Other times, as Claire passed through the kitchen, she saw them working smoothly, heads together, one nodding, the other speaking, in a low and constant and rhythmic tone, like two birds on a branch. In the evenings she and Carson cooked dinner for their guest. By tacit agreement they all three avoided the subject of science, instead discussing politics or weather, the natural beauty of the region, the improvements Claire and Carson had made to the cottage in order to live in it year-round. Conversation stayed polite and almost distant, with none of the contention or excitement that echoed through the rooms during the day.

Claire took the boat across to Bob's, and Jocelyn asked to go with her. She needed to use the phone to check in at the office.

“Although I'd rather not,” she said at the dock, hands on her hips, looking out at the water. “The office seems a bit unreal at this point.”

“It'll seem real enough once you get back,” Claire said.

She raised an eyebrow. “I guess,” she said.

“Whenever I go back to the city,” Claire said, “I feel like I could take up my old life again in a minute, and this is the place that seems unreal.”

Jocelyn nodded. “Do you ever miss it there?” she asked.

Claire wasn't sure whether this question was sincere or merely conversational. Possibly it was an editor's technique, a way of seducing writers, giving them the sense that she was curious about them, or about the knowledge they could provide. Claire took a breath and looked out over the lake. A string of starlings lassoed themselves into a circle, twisted, formed into a symbol that looked, for a second, like infinity. “Sometimes,” she said.

“You grew up here?”

“In the city. This was our summer place.”
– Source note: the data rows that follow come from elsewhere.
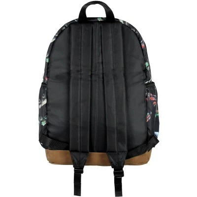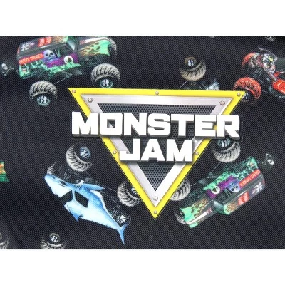 - BACKPACK DESIGN – The backpack features an all-over print of some of Monster Jam’s fan-favorite cars: Dragon, Zombie, Grave Digger, and Megalodon, all against a black background.
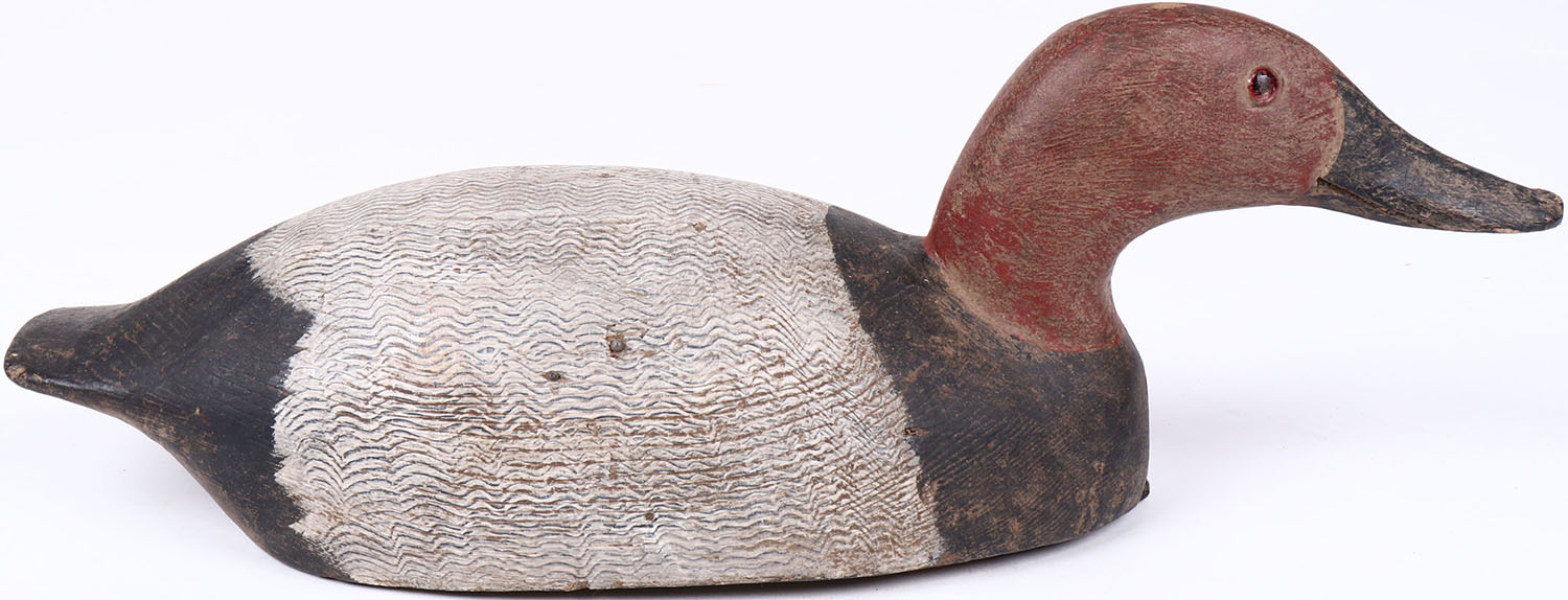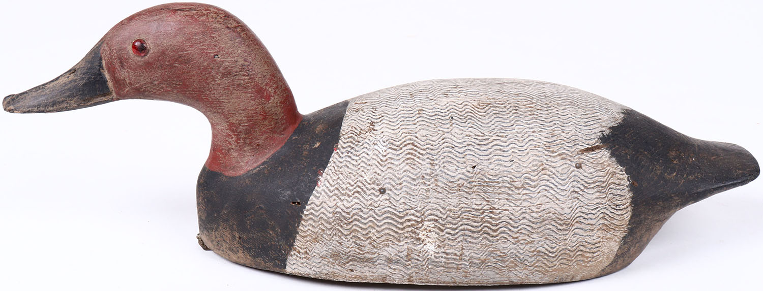 Canvasback Drake by unknown maker, glass eyes, solid wood, original paint with comb painting, structurally excellent. Grade: Excellent + - Value: 40 to 80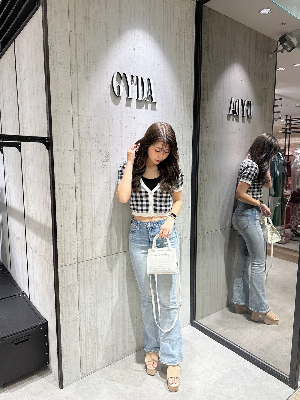 春先取りコーデ🌸【Tシャツ】インナーとしてるトップスは前後2wayのベーシックで着回し抜群のアイテムです♡今年はUネックの方にGGロゴが入っています!【カーディガン】サラッとしている薄手のニットになっています。158cmの私でおへそが見える丈感でした。【デニム】ベーシックデザインのフレアパンツは158cmの私でぺたんこ靴でも、着用可能でした!お尻ポケットにGGロゴが入っているのも推しポイントです。【バッグ】新作のカゴバッグの様なデザインのミニbagが登場しました!肩紐も付いているので斜め掛けをしても可愛いです♡【サンダル】毎年大人気のコルクサンダルが今年は今までとは違う太めのヒールになり登場しました✨️軽くてとても履き心地抜群です。23cmで足の幅狭めでSサイズ着用しています。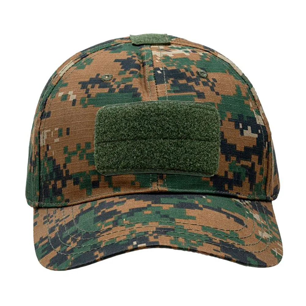Klassisk baseballkasket designet til at give camouflage og beskyttelse mod solen. Den er lavet af Rip-Stop stof (65% bomuld / 35% polyester), hvilket gør hatten let og holdbar. Den tørrer også hurtigt - uanset om det er en varm svedig dag eller regnvejr. Foran, bagpå og øverst er der placeret velcro paneler til enheds-ID eller morale patches. Størrelsen kan justeres med velcrostrop på bagsiden af ​​hætten.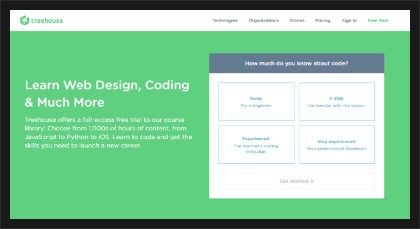 - 트리하우스는 프론트엔드개발/디자인 중심의 강의를 제공하는 웹사이트입니다. 더불어 기초적인 서버 관련 내용도 이 사이트에서는 다루고 있습니다. 최신 기술 관련 업데이트가 매우 빠르며, 동영상 강의의 수준이 높은 편입니다. 또한 각 내용들이 체계적으로 잘 조직되어 있으며, 뱃지 등의 게임요소로 학습에 대한 동기부여를 자연스럽게 주는 장점이 있습니다. 모바일 최적화도 잘 되어 있어서 모바일 상에서도 온라인 학습을 꾸준히 이어 나가고 있습니다. 또한 웹브라우저 상에서 실습에 최적화된 기능을 제공하기 때문에 쉬운 따라하기 또한 가능합니다. 월 30달러 정도의 비용을 지불해야 합니다.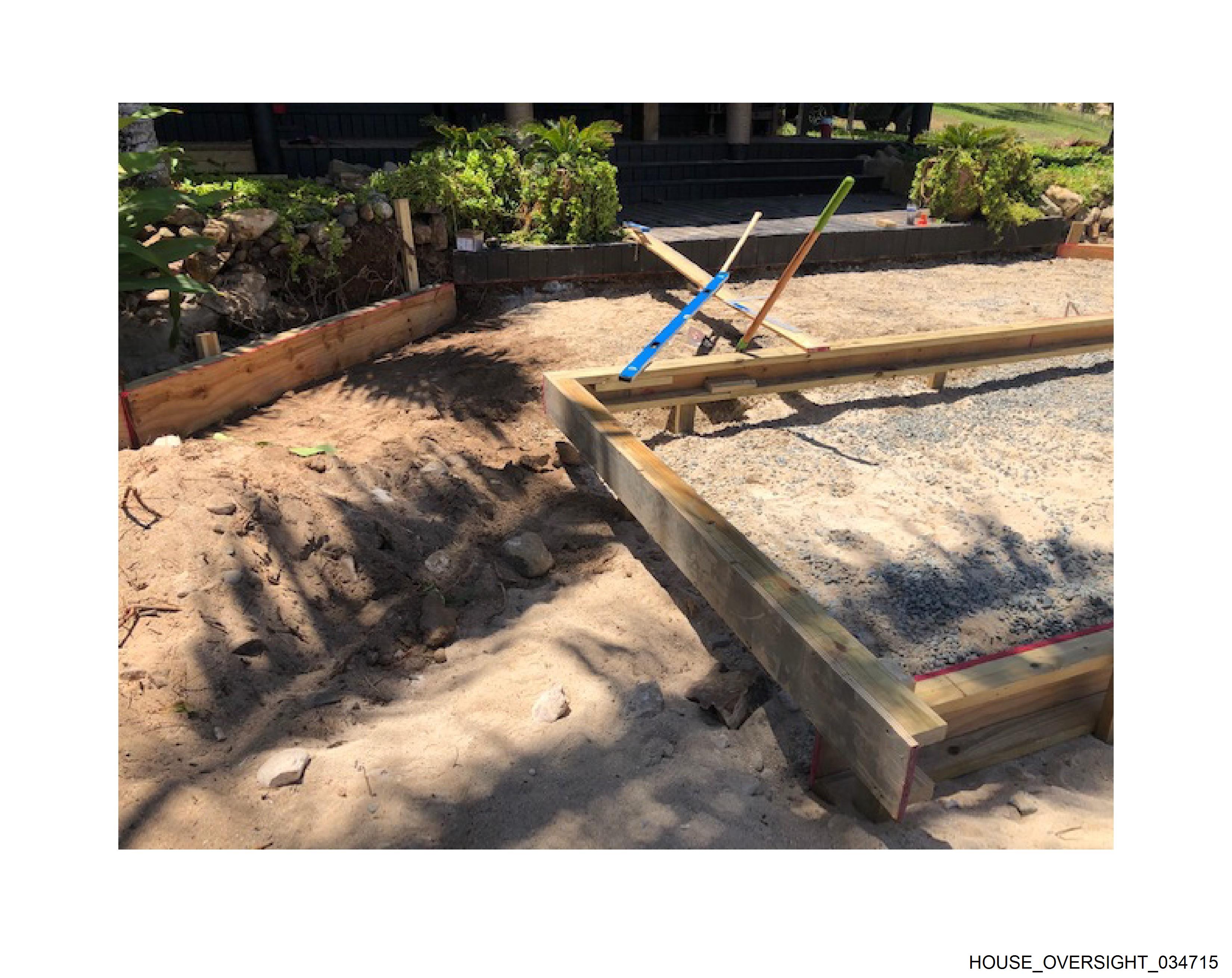 The image depicts a construction site under an overcast sky with patches of sunlight breaking through the clouds. In the foreground, there is a wooden frame structure partially filled with concrete, suggesting a freshly poured foundation or slab. A piece of blue construction equipment, possibly a wheelbarrow or hopper, is tipped towards the concrete, likely used to pour the material. The ground around the site is covered in loose soil and scattered debris. There are no visible texts, people, or locations that can be confidently identified from this image.
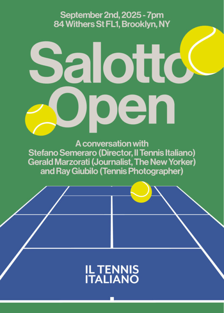 Stefano Semeraro, Ray Giubilo, lo scrittore ed editor del New York Times Gerald Marzorati, introdotti dall’illustratore e padrone di casa Emiliano Ponzi, dialogheranno presentando l’iniziativa a un pubblico selezionato di appassionati, durante lo Us Open, in una cornice creativa e di tendenza, in piena sintonia con lo spirito della rivista.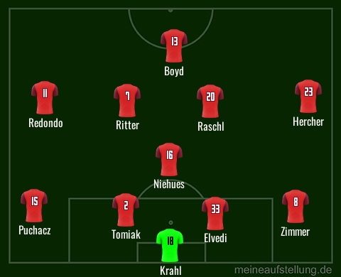 Krahl - Elvedi, Niehues, Tomiak - Zimmer, Raschl, Ritter, Puchacz - Hercher, Boyd, Redondo // Ersatzbank: Spahic, Durm, Zuck, Kraus, Klement, Hanslik, Zolinski, Tachie, Ache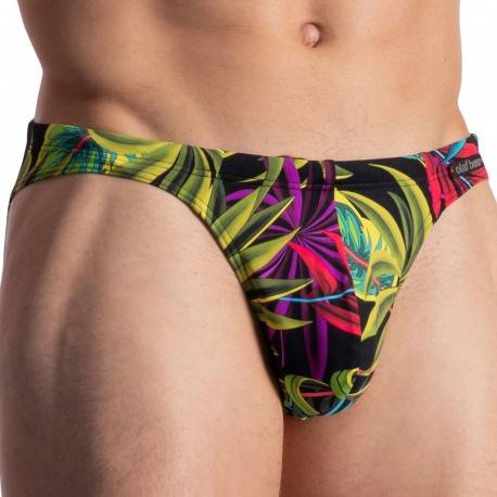 Low-rise swim brief made from lightweight, comfortable and fast-drying microfiber. Original colorful tropical print. Sexy and fitted cut. Lined front pouch. Olaf Benz silicone logo on the thin elastic waistband.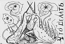 | ◄С 4 сентября 2014 по 2 марта 2015 в Музее Петербургского авангарда (ул. Профессора Попова, 10) выставки «Образы войны. Первая мировая война и художники авангарда». Выставка представляет работы художников-авангардистов, посвященные событиям Первой мировой войны: около 20 плакатов издательства «Сегодняшний лубок», выполненных по рисункам К.С.Малевича, А.В.Лентулова, В.В.Маяковского, Д.Д.Бурлюка с текстами В.В.Маяковского, а также цикл из 14 литографий «Мистические образы войны» Н.С.Гончаровой.. Дополняют экспозицию книги 1914-1915 годов, написанные и оформленные футуристами. |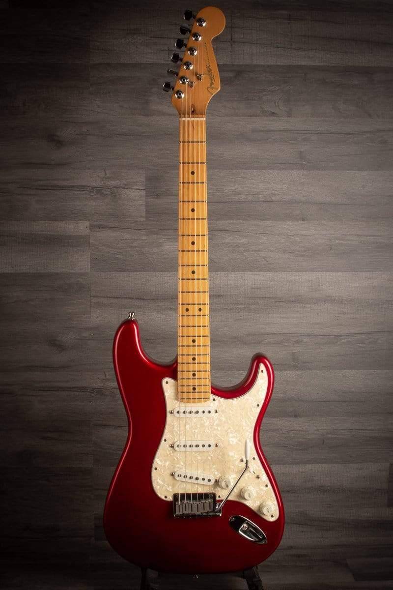 Fender USA unveiled their upgraded American Standard Stratocaster series in 1997, the "Lone Star," "Big Apple" and "Roadhouse," with this Roadhouse model flaunting three overwound Texas Special single-coil pickups in the standard Stratocaster configuration, plus a pearl guard, a maple neck with double string trees, and a radiant Candy Apple Red finish.

Jocelyn reached over and touched the water. “Can you get across the lake in the winter?”

“Usually,” Claire said. “If not, well, we have a lot of food stored.”

“Must be a long winter.” When Claire didn't answer, Jocelyn added, “But beautiful.”

Inwardly, Claire rolled her eyes. Of course it was beautiful, but beauty had little to do with it. She had come here not just to be with Carson but to prove she could live here. Putting up food, trying to get Bob and the rest of the village not to look at her as one of the “summer people,” insulating the cottage, chopping wood, all the other chores — the chores had everything to do with it. “My parents built the house,” she finally said. “We were always working on it. They never intended it to be lived in year-round. But Carson needed a quiet place to work. And I can work from anywhere.”

“Lucky for him,” Jocelyn said.

“Not lucky. Just something I was able to do,” Claire said. She felt Jocelyn's gaze on her. “I was glad to be able to offer it.” She was speaking unwillingly but couldn't stop, the words being reeled from her as if the other woman held a line. She felt she had to explain, to give Jocelyn the correct impression of her life, the necessity of it bearing down on her with a pressure like physical weight. “This isn't a sacrifice for me,” she said. “I like living here. I don't just see to Carson's needs. It's not like he's the, you know, reclusive man of genius and I'm the handmaiden.”